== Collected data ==
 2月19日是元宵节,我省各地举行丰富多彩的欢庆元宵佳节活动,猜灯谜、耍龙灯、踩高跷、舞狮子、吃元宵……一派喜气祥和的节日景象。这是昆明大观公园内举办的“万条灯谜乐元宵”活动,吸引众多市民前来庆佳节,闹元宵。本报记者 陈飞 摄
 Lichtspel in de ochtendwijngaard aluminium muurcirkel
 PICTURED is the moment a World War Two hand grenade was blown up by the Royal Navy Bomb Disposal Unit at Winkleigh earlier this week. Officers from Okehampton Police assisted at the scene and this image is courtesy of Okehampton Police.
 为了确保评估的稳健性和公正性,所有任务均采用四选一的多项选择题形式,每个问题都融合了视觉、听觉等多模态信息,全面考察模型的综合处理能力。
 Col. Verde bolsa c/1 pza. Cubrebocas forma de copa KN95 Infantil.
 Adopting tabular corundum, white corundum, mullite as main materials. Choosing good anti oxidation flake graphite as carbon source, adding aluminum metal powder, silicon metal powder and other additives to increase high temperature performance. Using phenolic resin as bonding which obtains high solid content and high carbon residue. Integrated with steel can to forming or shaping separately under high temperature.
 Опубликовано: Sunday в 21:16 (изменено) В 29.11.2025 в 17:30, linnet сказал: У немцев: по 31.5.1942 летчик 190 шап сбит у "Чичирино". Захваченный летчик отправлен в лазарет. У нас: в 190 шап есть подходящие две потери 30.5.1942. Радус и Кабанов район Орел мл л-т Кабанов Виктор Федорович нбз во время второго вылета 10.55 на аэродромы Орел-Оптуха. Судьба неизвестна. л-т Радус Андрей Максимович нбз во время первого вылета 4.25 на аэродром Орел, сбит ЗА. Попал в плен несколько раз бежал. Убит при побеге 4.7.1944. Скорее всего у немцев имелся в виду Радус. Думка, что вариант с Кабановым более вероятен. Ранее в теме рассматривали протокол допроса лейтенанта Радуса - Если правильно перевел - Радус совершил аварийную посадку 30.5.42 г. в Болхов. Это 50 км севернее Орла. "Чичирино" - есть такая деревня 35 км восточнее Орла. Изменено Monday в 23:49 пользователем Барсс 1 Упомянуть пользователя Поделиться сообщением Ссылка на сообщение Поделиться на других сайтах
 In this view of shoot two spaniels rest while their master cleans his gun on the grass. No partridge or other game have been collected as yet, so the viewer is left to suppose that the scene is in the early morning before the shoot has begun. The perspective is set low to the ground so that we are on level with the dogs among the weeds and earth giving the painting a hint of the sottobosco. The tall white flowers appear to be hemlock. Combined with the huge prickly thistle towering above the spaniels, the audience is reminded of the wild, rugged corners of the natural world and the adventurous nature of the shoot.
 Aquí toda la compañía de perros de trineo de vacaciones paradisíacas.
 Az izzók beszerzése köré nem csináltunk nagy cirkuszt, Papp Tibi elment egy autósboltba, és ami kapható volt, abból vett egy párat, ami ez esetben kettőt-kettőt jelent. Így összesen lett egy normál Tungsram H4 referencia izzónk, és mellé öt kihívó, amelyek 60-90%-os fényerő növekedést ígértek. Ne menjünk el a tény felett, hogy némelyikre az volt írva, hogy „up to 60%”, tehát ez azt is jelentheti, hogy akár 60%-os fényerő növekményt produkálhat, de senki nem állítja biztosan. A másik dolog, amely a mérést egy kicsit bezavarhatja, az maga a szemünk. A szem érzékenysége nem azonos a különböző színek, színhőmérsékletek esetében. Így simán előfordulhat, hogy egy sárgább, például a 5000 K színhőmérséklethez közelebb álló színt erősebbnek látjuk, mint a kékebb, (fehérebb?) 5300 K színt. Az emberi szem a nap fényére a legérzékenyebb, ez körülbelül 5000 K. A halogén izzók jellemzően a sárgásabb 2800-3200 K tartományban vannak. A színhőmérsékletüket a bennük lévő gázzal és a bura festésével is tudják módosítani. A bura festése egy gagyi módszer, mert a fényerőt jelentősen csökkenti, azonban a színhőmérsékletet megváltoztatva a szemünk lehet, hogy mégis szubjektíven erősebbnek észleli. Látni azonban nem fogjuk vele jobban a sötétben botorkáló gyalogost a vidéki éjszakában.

== What is needed ==
Your answer must be the lines above, unchanged, from the first one through the line that holds "Adopting tabular corundum, white", inclusive, and no others.

== Exercise result ==
 2月19日是元宵节,我省各地举行丰富多彩的欢庆元宵佳节活动,猜灯谜、耍龙灯、踩高跷、舞狮子、吃元宵……一派喜气祥和的节日景象。这是昆明大观公园内举办的“万条灯谜乐元宵”活动,吸引众多市民前来庆佳节,闹元宵。本报记者 陈飞 摄
 Lichtspel in de ochtendwijngaard aluminium muurcirkel
 PICTURED is the moment a World War Two hand grenade was blown up by the Royal Navy Bomb Disposal Unit at Winkleigh earlier this week. Officers from Okehampton Police assisted at the scene and this image is courtesy of Okehampton Police.
 为了确保评估的稳健性和公正性,所有任务均采用四选一的多项选择题形式,每个问题都融合了视觉、听觉等多模态信息,全面考察模型的综合处理能力。
 Col. Verde bolsa c/1 pza. Cubrebocas forma de copa KN95 Infantil.
 Adopting tabular corundum, white corundum, mullite as main materials. Choosing good anti oxidation flake graphite as carbon source, adding aluminum metal powder, silicon metal powder and other additives to increase high temperature performance. Using phenolic resin as bonding which obtains high solid content and high carbon residue. Integrated with steel can to forming or shaping separately under high temperature.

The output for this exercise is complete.